General characteristics
- Class & type: Takatsuki-class destroyer
- Displacement: 3,100 long tons (3,150 t) standard; 4,500 long tons (4,572 t) full load;
- Length: 136.0 m (446 ft 2 in) overall
- Beam: 13.4 m (44 ft 0 in)
- Draft: 4.4 m (14 ft 5 in)
- Propulsion: 60,000 shp (45 MW), 2 shafts; 2 × Mitsubishi/EW impulse steam turbines; 2 × Mitsubishi CE water tube boilers;
- Speed: 32 knots (37 mph; 59 km/h)
- Range: 6,000 nmi (11,000 km) at 16 kn (18 mph; 30 km/h)
- Complement: 260-270
- Sensors & processing systems: OPS-11B EWR, OPS-17 SSR, AN/SQS-23, AN/SQS-35(J),; OPS-11C EWR;
- Electronic warfare & decoys: NOLR-1B,; NOLQ-1;
- Armament: 1 × Mk.42 5 in (127 mm) gun; 2 × (IV) RGM-84 Harpoon; 1 × (VIII) Mk.29 Sea Sparrow; 1 × Mk.15 CIWS; 1 × (VIII) ASROC; 1 × (IV) Bofors 375 mm (15 in) ASW rocket launcher; 2 × (III) Mk.32 ASW torpedo tubes;

= JDS Kikuzuki =

Takatsuki-class destroyer commissioned in 1968

JDS Kikuzuki (DD-165) was the second ship of Takatsuki-class destroyers. She was commissioned on 27 March 1968.

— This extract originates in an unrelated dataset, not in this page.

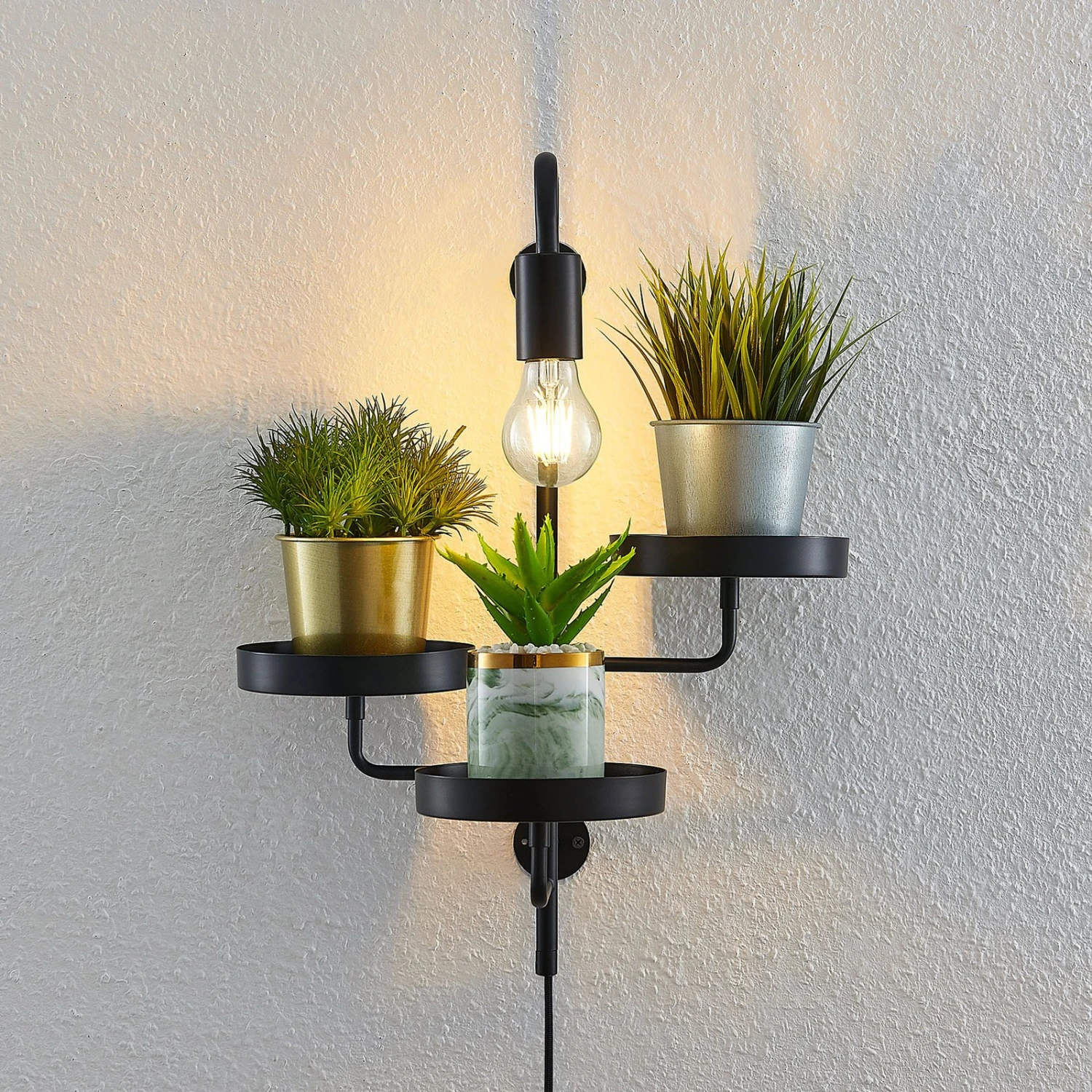 Hanjo Wandleuchte mit drei Ablagen zum Platzieren von Zimmerpflanzen

==Construction and career==

Kikuzuki was laid down on 15 March 1966 at Mitsubishi Heavy Industries Nagasaki Shipyard & Machinery Works as No. 2305, a 3,000-ton type A II security ship planned in 1964 based on the Second Defense Build-up Plan. Launched on 25 March, commissioned on 27 March 1968, and was incorporated into the 1st Escort Corps, which was newly formed under the 1st Escort Corps group on the same day, along with JDS Takatsuki and deployed to Kure.

From 30 June 1970, he participated in the first practicing voyage around the world as a Maritime Self-Defense Force with the training ship JDS Katori. After the damage accident of the main turbine occurred on 30 October, just before the arrival at Colombo Harbor in Ceylon, he sailed on one axis only on the port side and returned to Japan on 18 November.

On 1 February 1971, the 1st Escort Corps was reorganized under the 2nd Escort Corps group.

In 1973, participated in a practicing voyage to the ocean.

From 12 May to 27 June 1977, participated in Hawaii dispatch training with the escort ship JDS Mochizuki, the submarine JDS Makishio, and eight P-2J aircraft.

From 1 November to 17 December 1980, participated in Hawaii dispatch training with the escort vessels JDS Tachikaze, JDS Mochizuki, and eight P-2Js.

On 30 March 1983, the 1st Escort Corps was transferred to the 4th Escort Corps, and the homeport was transferred to Yokosuka. Also, from 15 June of the same year, she participated in a practicing voyage around the world.

It has undergone a modernization refurbishment (FRAM) since 30 May 1985, which was completed on 26 December 1986.

On 25 March 1993, he was transferred to the Maizuru District Force 2nd Escort Corps, and the homeport was transferred to Maizuru.

On 24 March 1997, the 2nd escort was renamed the 24th escort due to the revision of the corps number.

Decommissioned on 6 November 2003. The total number of voyages has reached 67,678 hours, and the total voyage has reached 791,213.4 nautical miles (36.5 laps around the Earth), during which time he has participated in three practicing voyages (two of which are around the world).